6) Hartmann und Bauer schreiben Geschichte

Beim 3:1-Erfolg des FC Ingolstadt im Aufsteigerduell gegen den SV Darmstadt 98 schnürte Routinier Moritz Hartmann einen Doppelpack - er ist damit der erste Schanzer, der in der Bundesliga in einem Spiel doppelt trifft. Zudem sicherte sich der 20-Jährige Robert Bauer als jüngster Bundesliga-Torschütze des FCI einen Platz in der Vereinsgeschichte.

7) Die Serie geht weiter

Andre Schubert und Borussia Mönchengladbach reiten weiter auf einer Welle des Erfolgs. Im ersten Spiel nach Schuberts Vertragsunterzeichung als Cheftrainer bis 2017 holte die Fohlenelf einen knappen 2:1-Sieg gegen Hannover 96 - bereits der siebte Sieg im achten Bundesliga-Spiel (ein Remis) unter der Regie von Schubert. Danken durfte Schubert nach dem Spiel gegen 96 vor allem Ibrahima Traore, der sein Team mit 1:0 in Führung gebracht hatte, am Ende an neun der 21 Torschüsse der Gastgeber beteiligt war und vor allem mit Mahmoud Dahoud perfekt harmoniert. "Es war ein super Pass von meinem kleinen Bruder. (lacht) Er ist ein überragender Spieler", sagte Traore im Interview nach dem Spiel.
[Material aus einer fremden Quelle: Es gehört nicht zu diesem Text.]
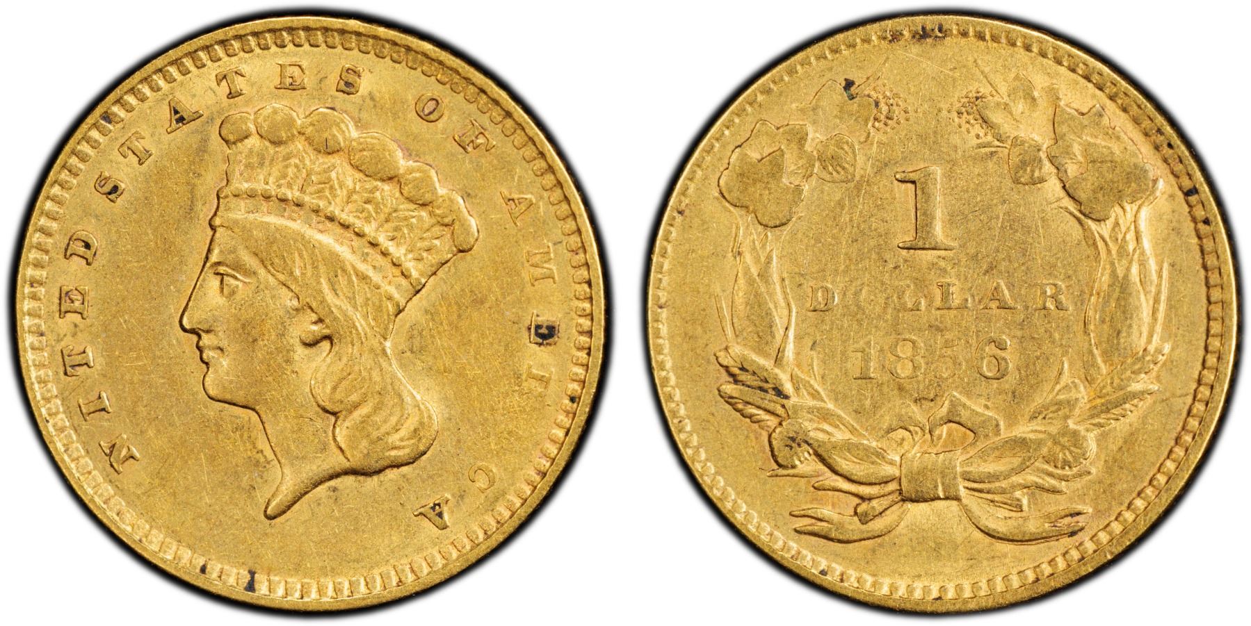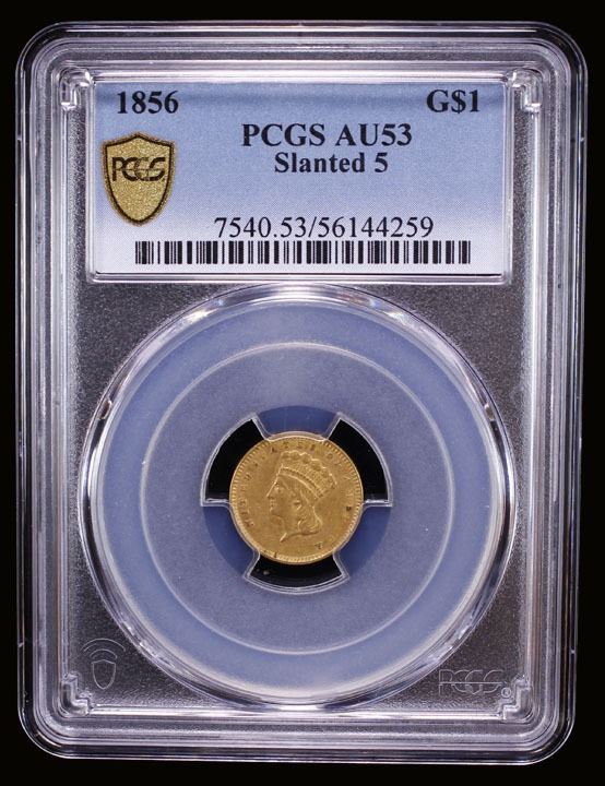 UNITED STATES: AV dollar, 1856, KM-86, Indian Head, Type 3, slanted 5 variety, PCGS graded AU53.

8) Freudenfest gegen Lieblingsgegner

Standing Ovations gab es für den Hamburger SV nach dem verdienten 3:1-Erfolg über Borussia Dortmund von den Fans im Volksparkstadion. Kein Wunder, schließlich haben die Hanseaten sich nach zwei äußerst durchwachsenen Spielzeiten endlich gefangen. Mit bereits 18 Punkten haben die Rothosen bereits einen Zähler mehr geholt als in der gesamten Hinrunde 2014/15. Die Hanseaten beendeten die Dortmunder Serie von sieben Siegen am Stück. Der BVB scheint dem HSV ohnehin zu liegen und kann nach dem gestrigen Erfolg getrost als neuer Hamburger Lieblingsgegner genannt werden. Nur eines der letzten zehn Heimspiele verloren die Rothosen gegen Dortmund (Topdaten). Aus den letzten sieben Vergleichen beider Teams verlor der HSV nur einmal.

9) Gefeierter Mann

Lewis Holtby war beim Sieg des HSV über den BVB Torschütze zum 2:0 und Vorbereiter der entscheidenden Chance, die zum Elfmeter führte. Dementsprechend glücklich sprach er nach dem Spiel mit bundesliga.de: "Ich würde mal sagen, es war auf jeden Fall das effektivste Spiel seitdem ich hier bin. Ich bin froh, dass ich neben meinem Tor auch eine Vorlage beisteuern konnte."

10) Auf Müllers Spuren

Auch wenn es bei Borussia Dortmund mal nicht läuft, Pierre-Emerick Aubameyang trifft trotzdem. Mit seinem 15. Saisontor hat er nun Robert Lewandowski, der an diesem Wochenende leer ausging, in der Torjägerliste um einen Treffer überholt. 13 Treffer nach 15 Spielen schaffte zuletzt vor 38 Jahren Dieter Müller (Topdaten zu HSV-BVB), einem Spieler des BVB gelang das noch nie. Trifft der Gabuner in dieser Frequenz weiter (XL-Galerie: Aubameyangs Saisontore), könnte am Saisonende sogar der 40-Tore-Rekord von Gerd Müller aus der Saison 1971/72 wackeln.